设计、背景与参与者:这项横断面研究是新冠疫情研究协作队列(C4R)研究的一部分,该研究自2021年1月起评估疫情与来自美国14个现有前瞻性队列参与者自我报告的恢复力之间的关联。本报告纳入了对C4R问卷中自我报告的恢复力问题作出回应的参与者。数据最初于2023年10月至2024年5月进行分析,更新分析于2024年8月至2025年4月进行。
通过队列访视和C4R问卷获取的新冠疫情之前及期间的种族和族裔、行为因素、健康状况以及健康的社会决定因素测量指标。
通过C4R问卷中的1个问题(来自简易恢复力量表)收集自我报告的恢复力,即“我在经历困难时期后往往能迅速恢复”。回答“同意”或“强烈同意”的参与者被归类为有恢复力,报告“中立”“不同意”或“强烈不同意”的参与者被归类为没有恢复力。进行修正泊松回归以估计患病率比(PRs)并分析与恢复力的多变量调整关联。

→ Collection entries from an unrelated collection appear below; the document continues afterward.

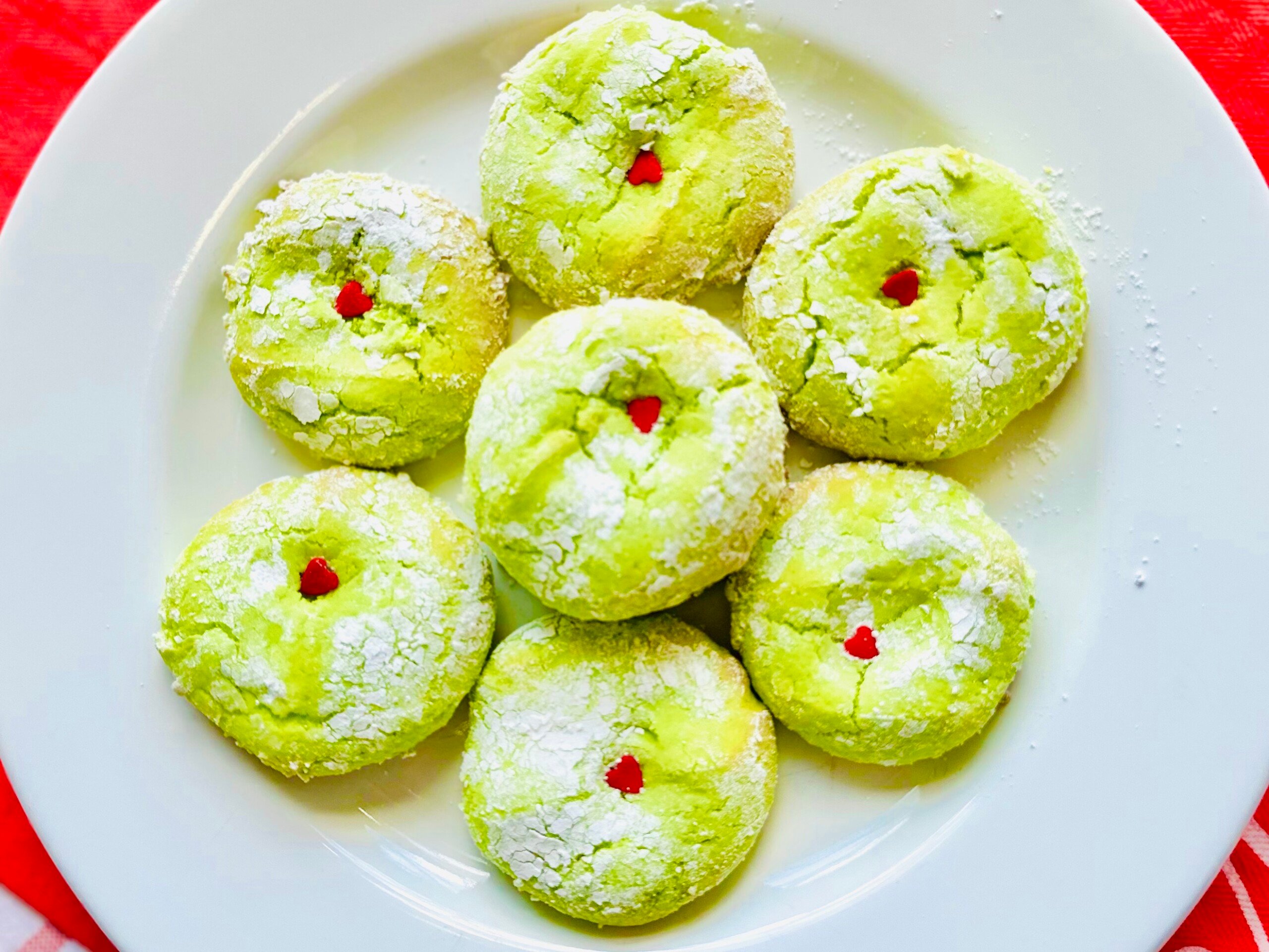 Bake adorable Grinch Christmas Cookies with cake mix! Soft, chewy, and coated in powdered sugar, they’re the perfect holiday cookie for festive fun.
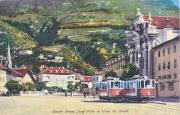 Abstract: Grieser Platz, Bozen. Mit im Bild Straßenbahn (Tram) Garnitur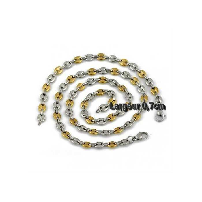 ManBijoux presents this pretty adornment necklace and bracelet in bicolored coffee beans mesh stainless steel with a sober, sleek and delicate design. It imposes itself as a sure value with its resolutely timeless touch. Its width is 7mm and the necklace has a length of 60cm. This chain and bracelet is equipped with a clasp carabiner secure and discreet at the same time. The chain and bracelet in silver and gold coloured coffee beans is composed of oval links slightly curved, resembling coffee beans, arranged regularly and connected by small rings. Each link has a central groove that accentuates the resemblance to a real coffee grain. This chain is appreciated for its sleek and masculine design, although it can also be suitable for the feminine glove. The jewelry in coffee beans remain a safe and highly appreciated value, perfect as birthday gift, of Christmas, of Valentine's Day or simply to surprise and please.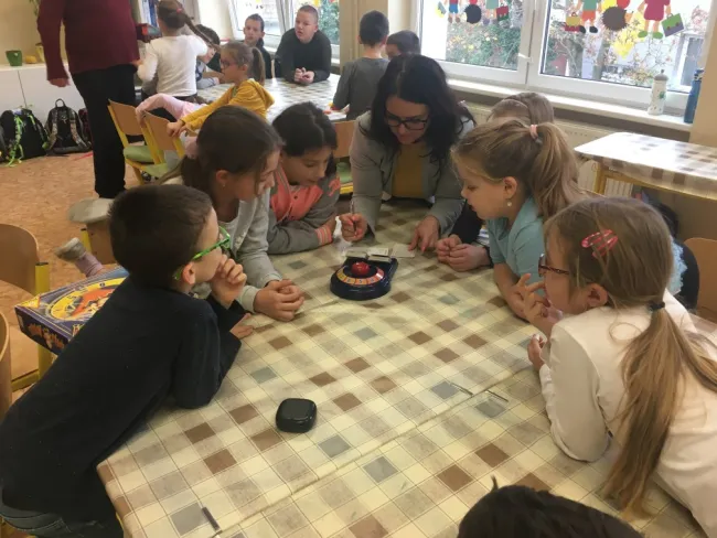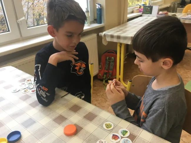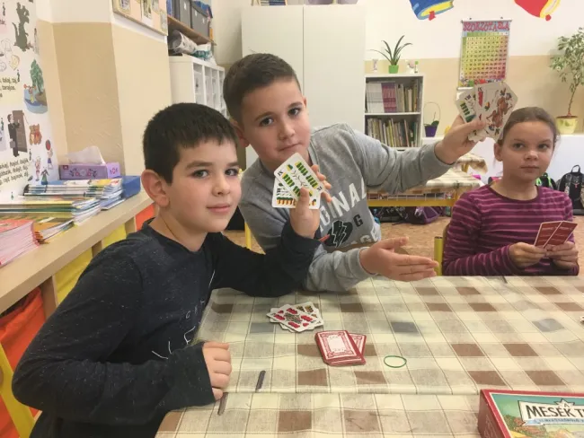 Pap Boglárkával, a pozsonyi Petőfi Sándor Program ösztöndíjasával együtt készültünk erre napra. A Szenczi Molnár Alapiskola Tudomány hetét tartott a gyerekek számára, de egy kis móka is belefért a fizikai és földrajzi jelenségek tanulmányozása mellett. Az alsó osztályosok olyan játékokat ismerhettek meg, amivel még mi játszottunk gyerekként. Főleg memóriajavító játékokkal szolgáltunk és a legjobb, hogy a tanítónőkkel és velünk együtt kártyáztak, játszottak a diákok. A csengő után pedig ki sem akartak menni az osztályból. Sőt az első osztály kétszer is visszajött hozzánk. Így legalább egy órán keresztül játszottak, figyeltek és segítették egymást. Meggyőződésem, hogy a hétvégén sok családnál előkerültek a kártyapaklik, játéktáblák.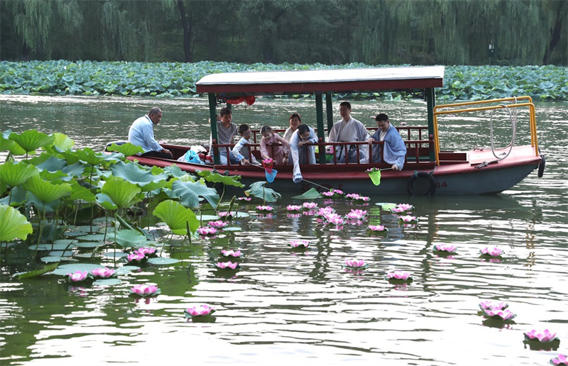 8月20日,游客放荷燈寄托對美好生活的祝愿。中國日報(bào)記者 鄒紅 攝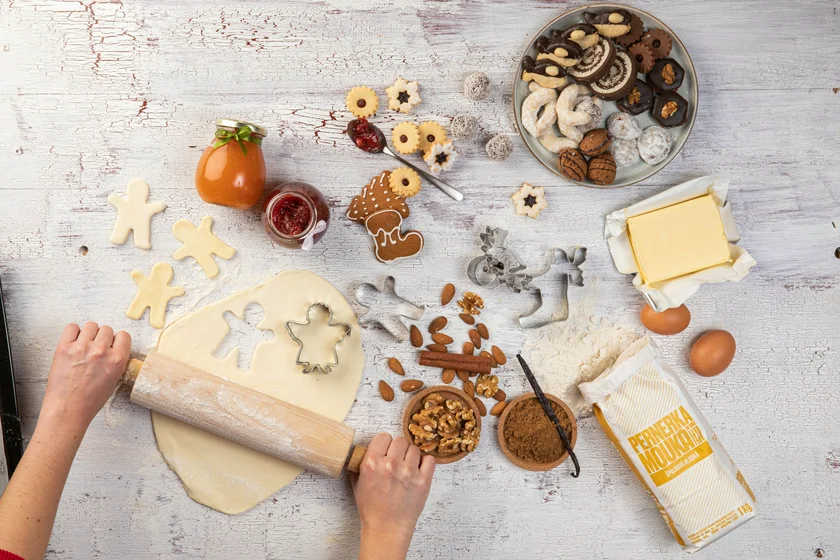 In order to bake your holiday cookies, your shopping list should include a number of essentials. According to Kratochvílová, quality ingredients will make or break your cookies, so it's important to use the best possible ingredients. That means real butter instead of Hera, genuine chocolate instead of cheaper chocolate coating, and organic eggs.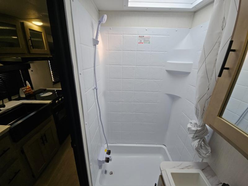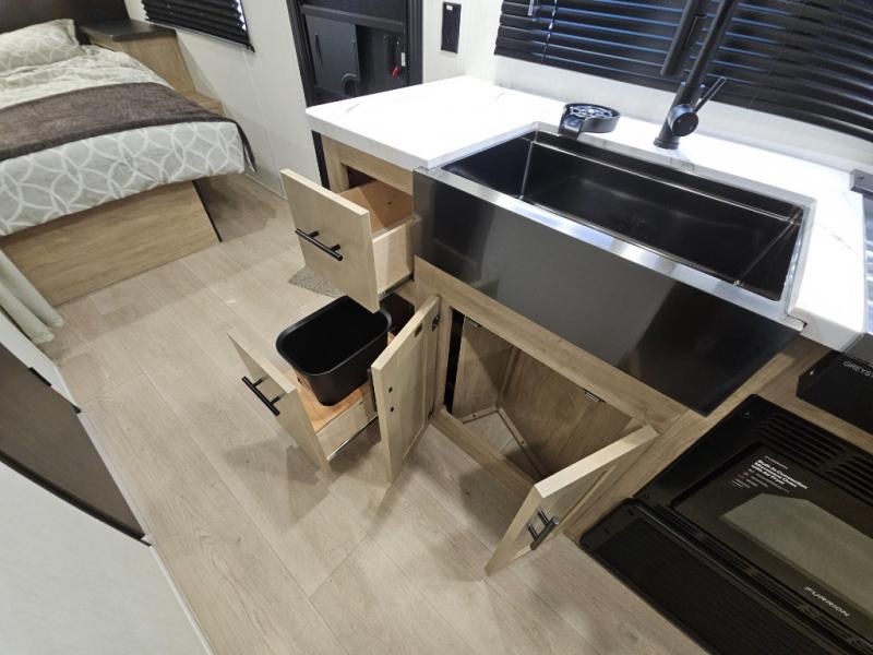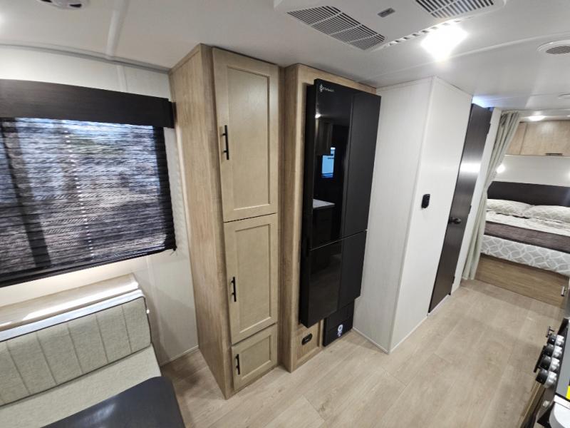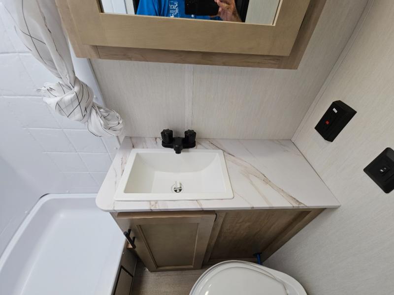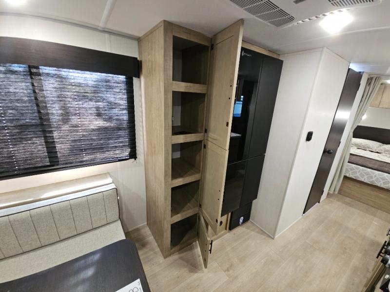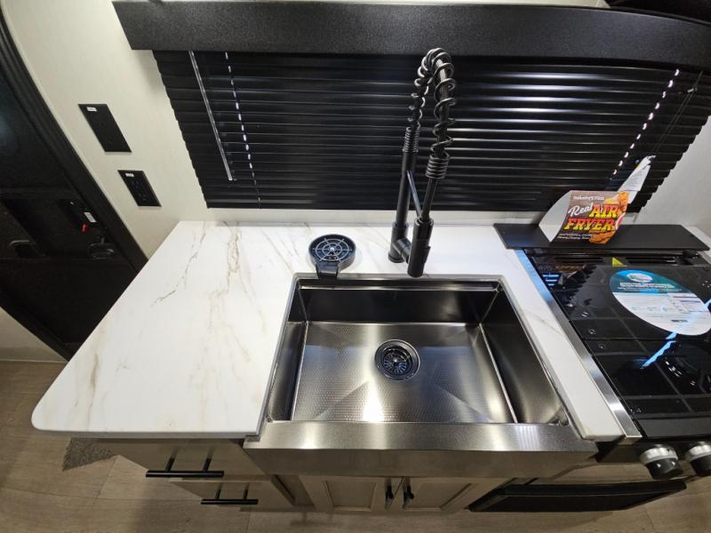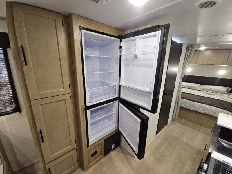 Time spent at the campground in this well designed travel trailer will be time well spent! The front bedroom includes a walk-around RV king bed, dual bedroom wardrobes plus USB ports to charge your phone or laptop. You can whip up breakfast in the modern kitchen that includes an air fryer, then dine around the U-shaped dinette with a panoramic window. This area can also double as sleeping space for one to two guests as well! A pantry will let you stock up on snacks and the TV mount means you can bring along a television if you want to enjoy movie nights. There is also a full bath with a tub/shower where you can freshen up each day!

在31045名参与者中(18672名[60%]为女性;10746名[34.6%]年龄<65岁),1185名(3.8%)为美洲印第安人,6728名(21.7%)为黑人,293名(0.9%)为东亚人,6311名(20.3%)为西班牙裔,565名(1.8%)为南亚人,15961名(51.3%)为白人;共有23103名参与者(74.4%)自我认定为有恢复力。与白人参与者相比,黑人和西班牙裔参与者自我报告的恢复力患病率更高(调整后的PR[aPR]分别为1.04;95%CI,1.02 - 1.06;aPR为1.08;95%CI,1.06 - 1.11),而美洲印第安人和东亚人参与者的患病率较低(aPR分别为0.90;95%CI,0.86 - 0.94;aPR为0.76;95%CI,0.68 - 0.84)。高等教育、已婚或已婚同居、高收入以及超重也与恢复力患病率较高相关。女性、患有糖尿病和失业与自我报告的恢复力患病率较低相关。与仅拥有公共保险的参与者相比,拥有私人保险的参与者恢复力患病率更高(aPR为1.07;95%CI,1.03 - 1.10)。新冠疫苗接种和感染状况与恢复力无显著关联。修正分析显示,高血压、婚姻状况和保险状况等因素与恢复力的关联存在重要的种族和族裔差异。
在这项对31045名成年人的横断面研究中,自我报告的恢复力因种族、族裔和社会人口学因素而异。这些发现凸显了个体和社会因素在塑造恢复力认知方面的复杂相互作用。